=== DATASET EXCERPT ===

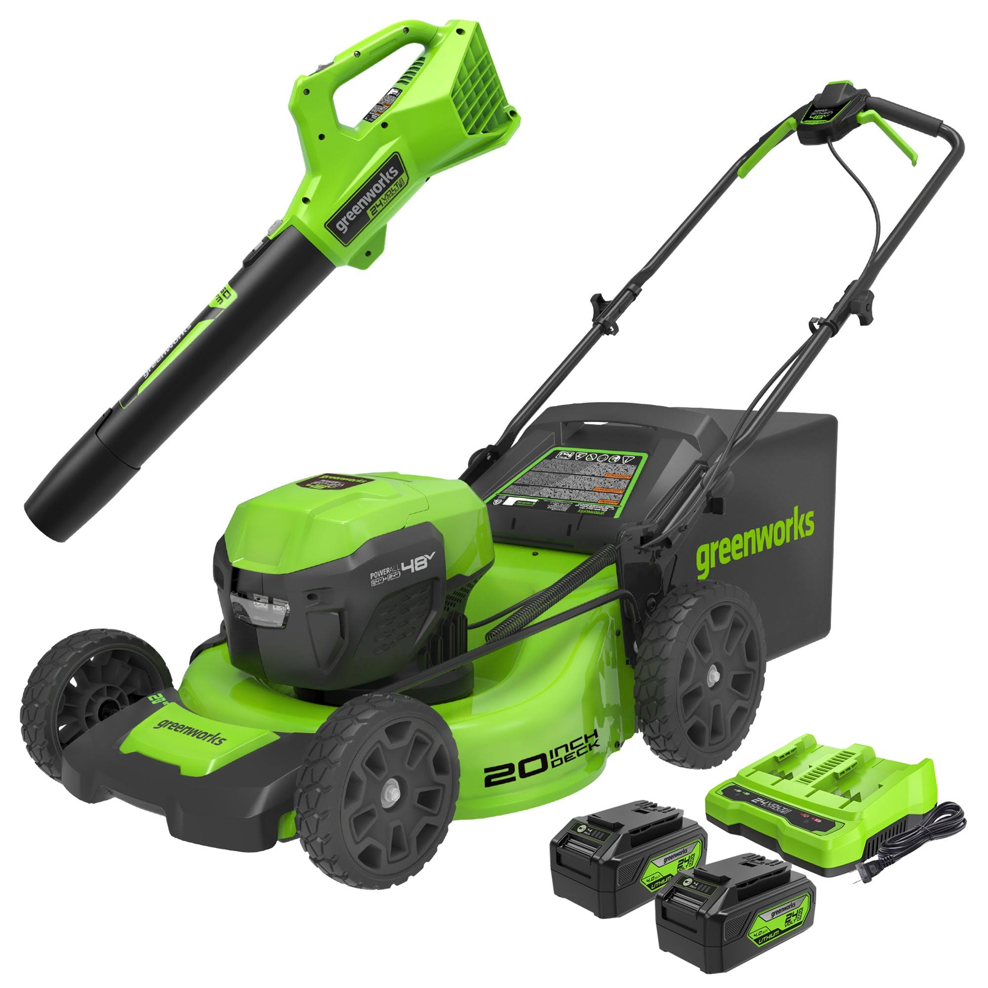 greenworkstools-48V (2x24V) 20" Cordless Battery Push Mower & 320 CFM Blower Combo Kit w/ (2) 4.0Ah Batteries & Dual Port Rapid Charger
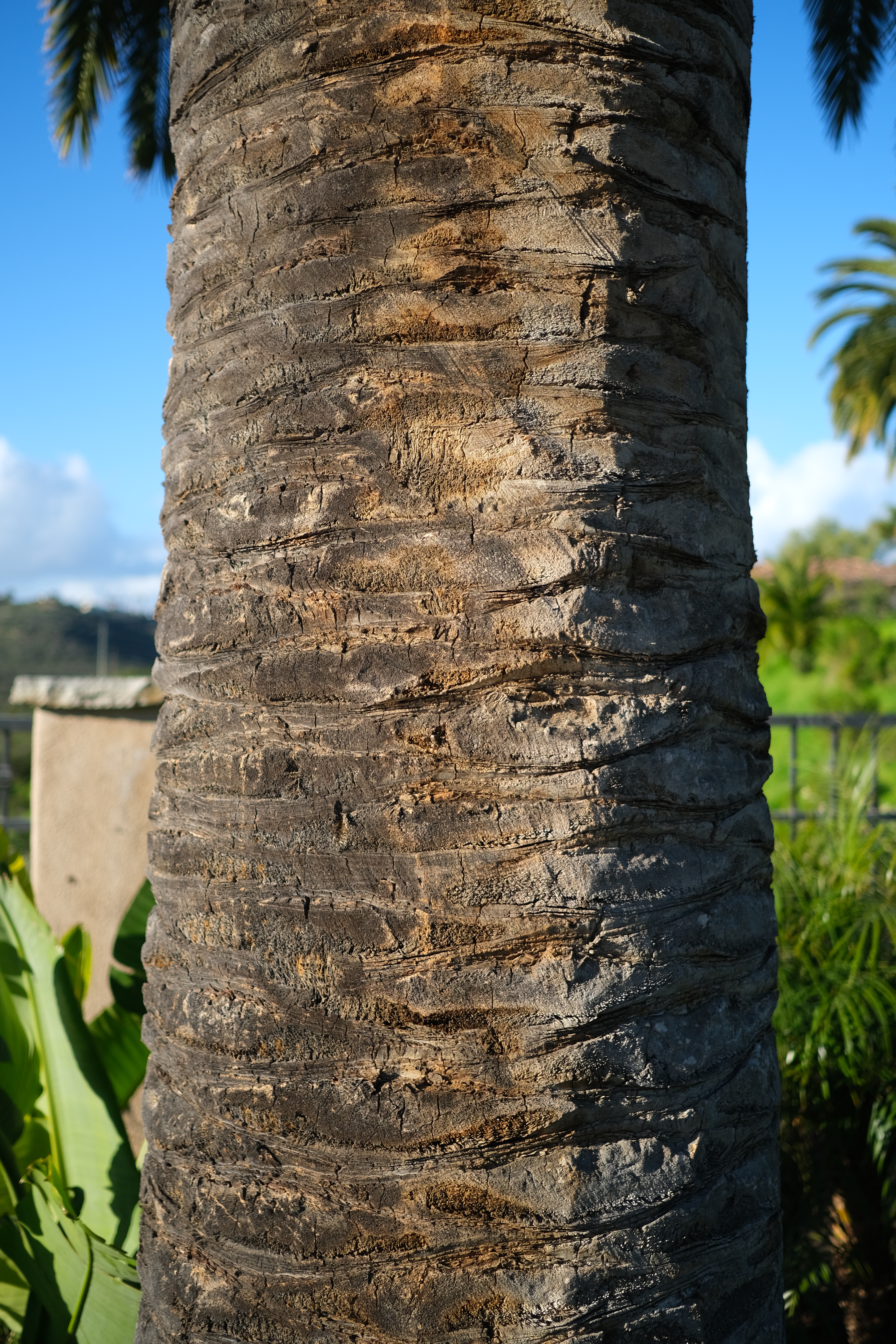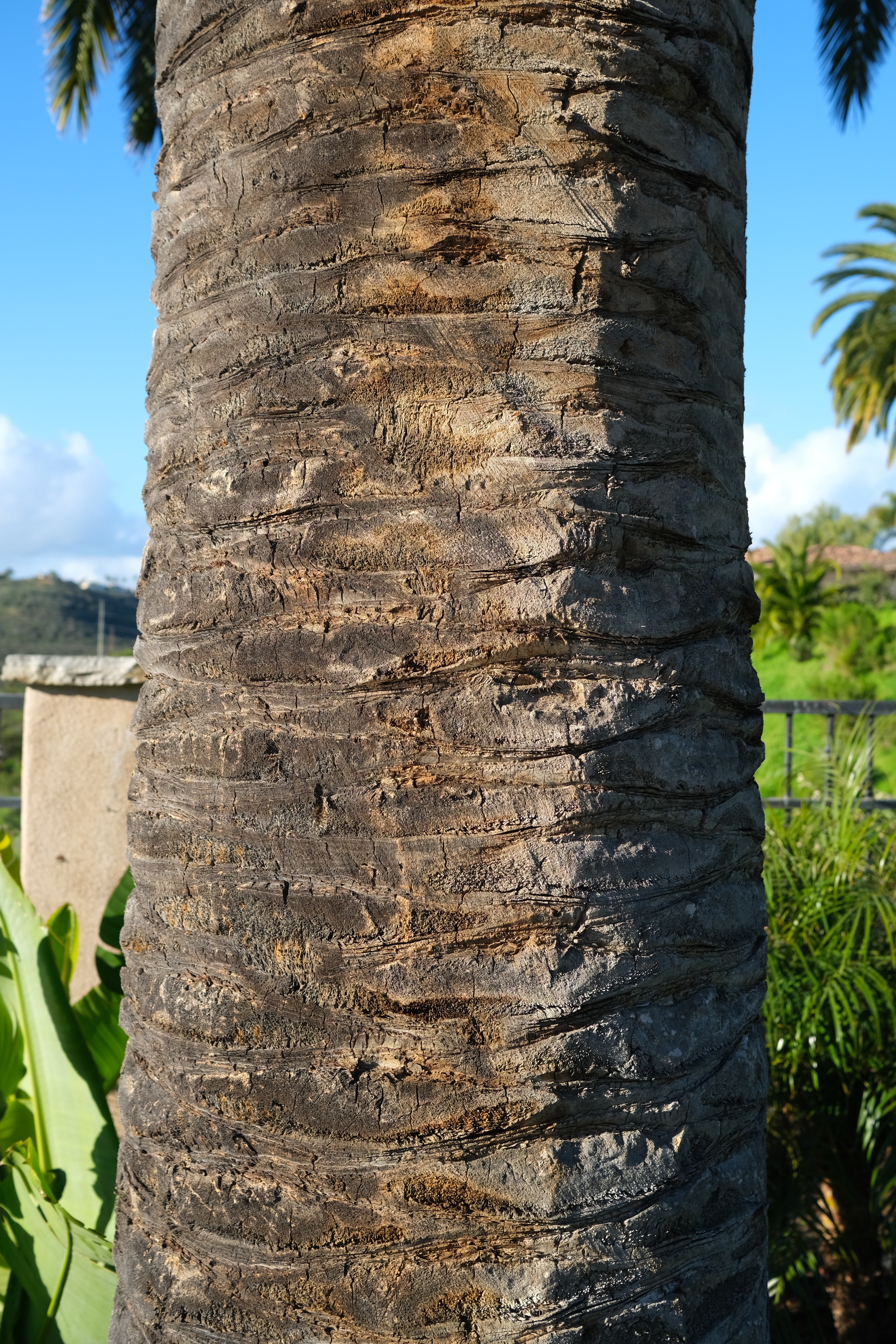 Canary Palm Trunk, 16 February 2019. Fujifilm X-T3, Fujinon 23mm f/2 at f/5 at 1/340 at Auto ISO 160. bigger or camera-original © JPG file.
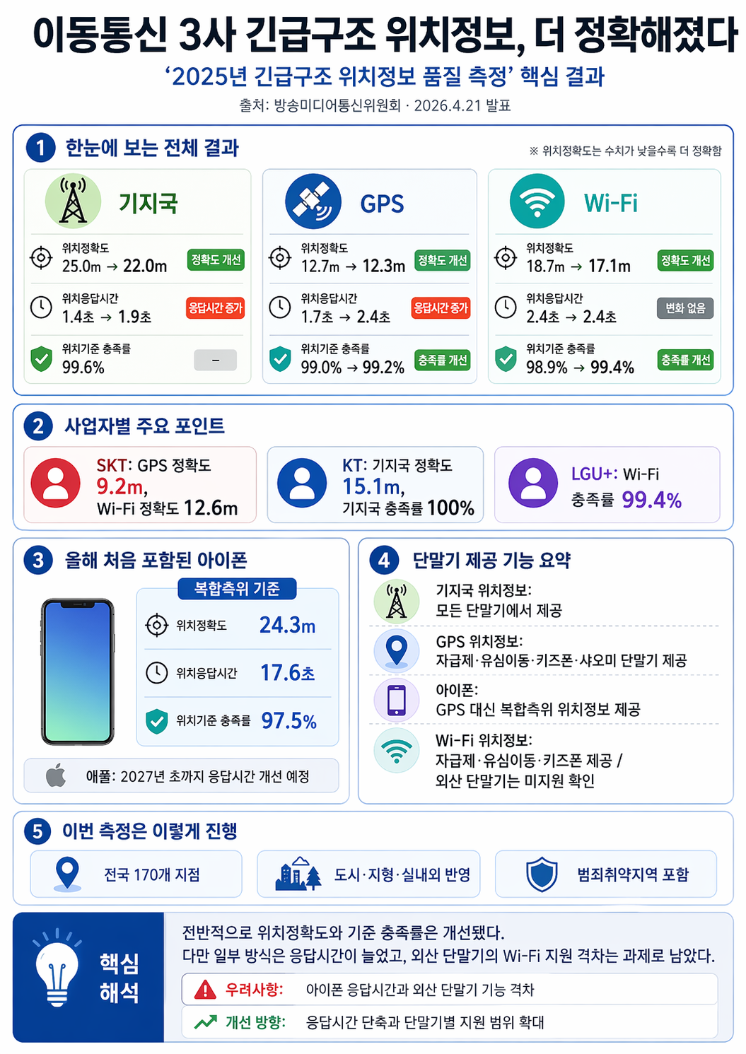 방송미디어통신위원회가 공개한 ‘2025년 긴급구조 위치정보 품질 측정’ 결과에 따르면, 소방·경찰 등 긴급구조기관에 제공되는 이동통신 3사 위치정보의 정확도와 기준 충족률이 전반적으로 개선된 것으로 나타났습니다. 이번 측정은 전국 170개 지점에서 기지국, GPS, Wi-Fi 방식과 애플 아이폰의 복합측위를 대상으로 진행됐습니다.

===

## WORK ITEM:
Repeat the listing word for word, and skip every picture it contains.

## EXPECTED OUTPUT:
 greenworkstools-48V (2x24V) 20" Cordless Battery Push Mower & 320 CFM Blower Combo Kit w/ (2) 4.0Ah Batteries & Dual Port Rapid Charger
 Canary Palm Trunk, 16 February 2019. Fujifilm X-T3, Fujinon 23mm f/2 at f/5 at 1/340 at Auto ISO 160. bigger or camera-original © JPG file.
 방송미디어통신위원회가 공개한 ‘2025년 긴급구조 위치정보 품질 측정’ 결과에 따르면, 소방·경찰 등 긴급구조기관에 제공되는 이동통신 3사 위치정보의 정확도와 기준 충족률이 전반적으로 개선된 것으로 나타났습니다. 이번 측정은 전국 170개 지점에서 기지국, GPS, Wi-Fi 방식과 애플 아이폰의 복합측위를 대상으로 진행됐습니다.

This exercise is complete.